Records from a collection

=== Section Start ===

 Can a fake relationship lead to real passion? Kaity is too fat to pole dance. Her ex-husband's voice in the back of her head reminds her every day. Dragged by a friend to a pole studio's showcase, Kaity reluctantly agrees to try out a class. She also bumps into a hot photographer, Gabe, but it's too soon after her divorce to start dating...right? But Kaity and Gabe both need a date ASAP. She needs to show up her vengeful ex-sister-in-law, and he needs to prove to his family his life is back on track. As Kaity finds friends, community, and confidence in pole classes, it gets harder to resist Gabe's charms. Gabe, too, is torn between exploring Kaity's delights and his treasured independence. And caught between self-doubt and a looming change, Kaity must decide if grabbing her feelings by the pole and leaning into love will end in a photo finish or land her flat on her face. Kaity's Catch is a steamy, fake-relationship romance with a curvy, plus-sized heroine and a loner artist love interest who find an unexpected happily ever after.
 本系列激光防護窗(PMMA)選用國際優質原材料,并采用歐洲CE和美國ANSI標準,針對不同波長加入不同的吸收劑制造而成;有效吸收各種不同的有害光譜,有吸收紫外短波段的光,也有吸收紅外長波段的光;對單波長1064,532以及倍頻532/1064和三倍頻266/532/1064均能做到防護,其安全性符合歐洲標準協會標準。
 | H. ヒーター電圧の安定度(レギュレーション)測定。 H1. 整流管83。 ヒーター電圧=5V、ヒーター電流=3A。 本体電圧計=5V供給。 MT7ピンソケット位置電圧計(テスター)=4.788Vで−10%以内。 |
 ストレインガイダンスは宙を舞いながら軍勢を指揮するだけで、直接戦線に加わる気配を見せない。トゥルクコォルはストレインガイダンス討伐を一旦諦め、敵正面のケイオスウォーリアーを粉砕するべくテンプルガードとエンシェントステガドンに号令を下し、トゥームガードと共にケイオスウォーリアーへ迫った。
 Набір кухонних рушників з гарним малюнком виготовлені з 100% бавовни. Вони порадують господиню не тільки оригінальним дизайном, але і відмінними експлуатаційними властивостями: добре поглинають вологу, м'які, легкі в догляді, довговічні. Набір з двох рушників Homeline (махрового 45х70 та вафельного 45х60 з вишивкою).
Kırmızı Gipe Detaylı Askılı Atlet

=== Section End ===

Problem to work on: The only acceptable answer is the full set of entries, repeated exactly.

Response to the task:
 Can a fake relationship lead to real passion? Kaity is too fat to pole dance. Her ex-husband's voice in the back of her head reminds her every day. Dragged by a friend to a pole studio's showcase, Kaity reluctantly agrees to try out a class. She also bumps into a hot photographer, Gabe, but it's too soon after her divorce to start dating...right? But Kaity and Gabe both need a date ASAP. She needs to show up her vengeful ex-sister-in-law, and he needs to prove to his family his life is back on track. As Kaity finds friends, community, and confidence in pole classes, it gets harder to resist Gabe's charms. Gabe, too, is torn between exploring Kaity's delights and his treasured independence. And caught between self-doubt and a looming change, Kaity must decide if grabbing her feelings by the pole and leaning into love will end in a photo finish or land her flat on her face. Kaity's Catch is a steamy, fake-relationship romance with a curvy, plus-sized heroine and a loner artist love interest who find an unexpected happily ever after.
 本系列激光防護窗(PMMA)選用國際優質原材料,并采用歐洲CE和美國ANSI標準,針對不同波長加入不同的吸收劑制造而成;有效吸收各種不同的有害光譜,有吸收紫外短波段的光,也有吸收紅外長波段的光;對單波長1064,532以及倍頻532/1064和三倍頻266/532/1064均能做到防護,其安全性符合歐洲標準協會標準。
 | H. ヒーター電圧の安定度(レギュレーション)測定。 H1. 整流管83。 ヒーター電圧=5V、ヒーター電流=3A。 本体電圧計=5V供給。 MT7ピンソケット位置電圧計(テスター)=4.788Vで−10%以内。 |
 ストレインガイダンスは宙を舞いながら軍勢を指揮するだけで、直接戦線に加わる気配を見せない。トゥルクコォルはストレインガイダンス討伐を一旦諦め、敵正面のケイオスウォーリアーを粉砕するべくテンプルガードとエンシェントステガドンに号令を下し、トゥームガードと共にケイオスウォーリアーへ迫った。
 Набір кухонних рушників з гарним малюнком виготовлені з 100% бавовни. Вони порадують господиню не тільки оригінальним дизайном, але і відмінними експлуатаційними властивостями: добре поглинають вологу, м'які, легкі в догляді, довговічні. Набір з двох рушників Homeline (махрового 45х70 та вафельного 45х60 з вишивкою).
Kırmızı Gipe Detaylı Askılı Atlet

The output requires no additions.